Probably the best piece on this in management literature is the classic 1972 Harvard Business Review article by Larry Greiner Evolution and Revolution as Organizations Grow which discusses the differences between moments of smooth evolution and disruptive revolution based on the age and size of an organization. The idea that the small and the large don't work in the same way is fundamental in physics, in the difference between Newtonian mechanics and the strange world of quantum mechanics (for a musical version of this have a look at the Symphonies of Science the Quantum World).

And in Morris' text what I see lurking is that large countries are not big small countries, if I can mush all of that together. Or to put it another way, the scaling of companies into national economies and from national economies to the global economy involves scaling steps that are discontinuous.

This is very important when trying to understand commentary on the nature of the current recession and the actions that are being taken (or not) to try to reignite growth. How the narrative on how to address the problems is structured depends on what scale you're used to working at. Paul Krugman wrote about this in a direct way in his 1996 piece, again for Harvard Business Review, A Country is Not a Company, where he strongly argued for not following the instincts of CEOs of large companies in terms of economic policy.
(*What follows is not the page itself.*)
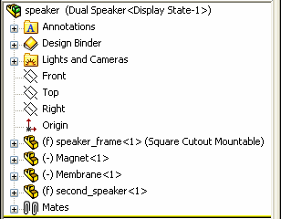 • No topo da árvore de projetos do FeatureManager, clique com o botão direito no nome da peça, montagem ou desenho e selecione Exibição em árvore > Exibir nomes de configuração de componentes.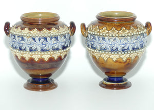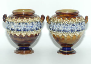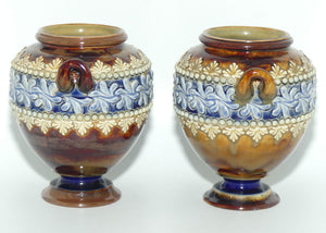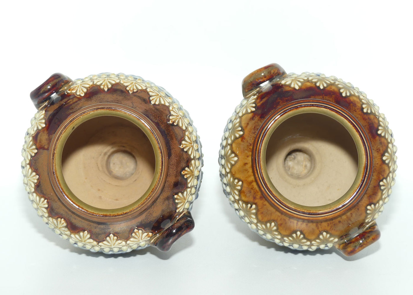 Doulton Lambeth pair of small stoneware footed urns with applied decor and beads

It may also point to significant fault lines in economics, between those trying to work up from the microeconomics of companies to the macroeconomics of countries. Maybe, again in parallel to physics, there is no grand theory of everything.

Best

F

Friday, 30 September 2011

Industrial policy back in the Economist

At the risk of being a cracked record, countries need to consider industrial policy anew. Interestingly even the Economist is looking at industrial policy arguments and is willing to engage in debate on the issues. A new column discusses recent papers by Rodrik and others being relatively open to the arguments made about positive versus negative paths of innovation. 


However the slight bias for the Economist comes out towards the end ...
In effect, Mr Rodrik and others are arguing that industrial policy requires disinterested, benevolent policymakers who can do it well. Unfortunately, they do not yet have a recipe for how such policymakers can be created. Policy is made by real people with political and personal motivations. What they come up with is unlikely to be as well designed as the ones in the models.
Rodrik has argued elsewhere that industrial policy is an ongoing dialogue and depends on input from industry as much as from policymakers. But I am struck by the argument as it could be reflected into the economy generally. The market is embedded in society, designed and bounded by the laws of each country and a set of norms (those criticised by Ed Milliband in his recent Labour Party conference speech). If policymakers cannot be expected to be perfect designers of industrial policy, let's not assume that financial engineers and captains of industry are perfect decision makers either. 


How can such policymakers be created? Well in the UK a step forward is to provide stronger training, as with the new Blavatnik School of Government opening at Oxford, and to have a more transparent policy process that engages a broad conversation rather than trying to keep everything under the covers. By taking us away from the images of Sir Humphrey and into a more professionalised policy process we can hope for better outcomes.


In the meantime let's be grown up and have a realistic conversation on industrial policy that is not trapped in the tropes of the 80s.